SupperApps

As novidades anunciadas pelo Rappi reforçam as investidas da empresa colombiana para se tornar um SuperApp. O Rappi Entertainment disponibilizará dentro do aplicativo opções para que os usuários tenham acesso a música, games e lives de eventos. Os produtos que estreiam a nova frente são Rappi Music, serviço de streaming musical, Rappi Games, opções de jogos no app, e o Rappi Live Events, uma solução para lives monetizadas ou gratuitas conectando artistas e criadores com a base de 30 milhões de usuários do app na América Latina. Além do Live Shopping, inspirado no Shopstreaming que tem viralizado fortemente na Ásia neste período de isolamento social.

 

O que são SupperApps 

Os SuperApps são aplicativos multiuso que oferecem uma grande diversidade de serviços e funções, especialmente combinando e-commerce, meios de pagamento, delivery e redes sociais. As principais referências são as chinesas: WeChat, Alipay e a japonesa LINE.

 

Antes, para se buscar modelos de inovação e projetar tendências bastava mergulhar no universo do Vale do Silício.

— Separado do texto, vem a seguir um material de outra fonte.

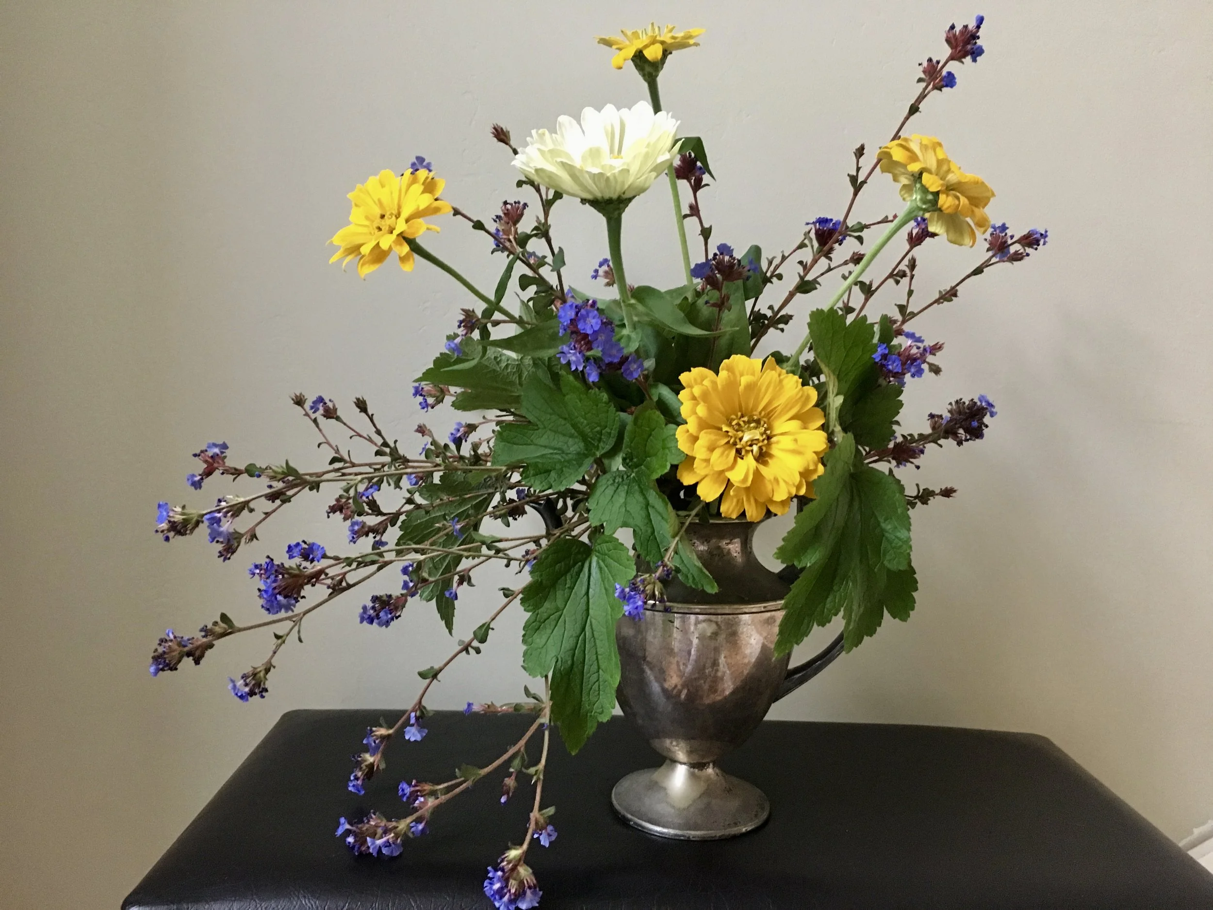 There are other ongoing harvests but I’ll save for next week and close with a bouquet from my garden. Zinnias are in with the vegetables. Blue flowers are ceratostigma plumbaginoides which is very drought tolerant and blooms about eight months of the year in my coastal garden.

O foco mudou, se você quiser estar afiado em inovação seus olhos devem apontar para o Oriente, no detalhe para a China.

 

O WeChat desponta como a principal referência com mais de 1 bilhão de usuários e o governo chinês já cogita usar a conta do usuário no superapp como um documento oficial de identificação.

 

O conceito do superapp contraria a escola do Vale do Silício de apps focados em nichos e se concentrando em um serviço realizado com excelência, mas cai como uma luva em países emergentes em que os consumidores buscam simplicidade, os devices não tem muito espaço, então a ideia de sitentizar vários apps em um só é interessante.  Por isso, Índia e América Latina se apresentam como candidatos para receberem novos SuperApps.

 

Enquanto as companhias asiáticas começam a chegar e influenciar o ocidente, as grandes empresas americanas de tecnologia se inspiram na China. Provavelmente, a Apple, Google e muito em breve a Uber devem caminhar para o conceito de SuperApp. A Amazon avança a passos largos para este lugar, a empresa de Jeff Bazos tem comprado empresas e feito parcerias White Label com empresas para absorver os seus serviços e oferecê-los na plataforma. Inclusive, este é o modelo que a Rappi optou para lançar o serviço de streaming de música em seu app, firmando parceria com a Kuack. 

 

 E a música com o SuperApps? 

O futuro da música não está mais na ponte LA, NY, Estocolmo e Londres. É fundamental que os profissionais do mercado da música acompanhem as transformações e inovações que vêm da Ásia. Afinal, o app que mais impactou o mercado musical do último ano é chinês, o TikTok é uma criação do grupo ByteDance. Provavelmente, os apps Q Music, KuWo, NetEase, entre outros podem ensinar muitas tendências ao ocidente.

 

É importante dizer que Tencent, dona do superapp WeChat, é a empresa que no início de 2020 comprou 10% da Universal Music por US$ 3,4 bilhões, tem 9,1% do Spotify e uma parceria com a empresa sueca para atuar na Ásia e tem investido fortemente em composição musical por Inteligência Artificial. 

 

Tão importante quanto a tecnologia e os recursos financeiros, é a estratégia e a conexão certa com a audiência. Existem diferenças culturais fundamentais entre Oriente e Ocidente que precisam ser consideradas. Uma delas é a relevância da música para o povo latino, bem como a força do mercado que é a região que mais cresce no mundo pelos últimos 10 anos. Dado que foi considerado pelo Rappi ao escolher o serviço musical como atratividade para a evolução do app.

 

Ao passo que os números de mercado endossam a estratégia, uma pesquisa do Google feita em agosto de 2019 indica os serviços prioritários que levariam os brasileiros a instalarem um superapp, os principais itens foram: Compras, Delivery, Passagens Aéreas, Serviços de Mobilidade, Serviços Financeiros. Não teve menção a conteúdos de entretenimento nas primeiras posições. Existe um trabalho forte de cultura a ser feito para que este universo de SuperApps realmente cative os brasileiros para consumo de entretenimento.

 

Entre tantas empresas que almejam se tornar um SuperApp, no Brasil a que aparenta estar mais preparada para conquistar o status é a Magazine Luiza. Além de todo trabalho de logística e visão da empresa, diferencia-se dos demais por há muito tempo estar de olho e endossar suas estratégias de acordo com as tendências na China.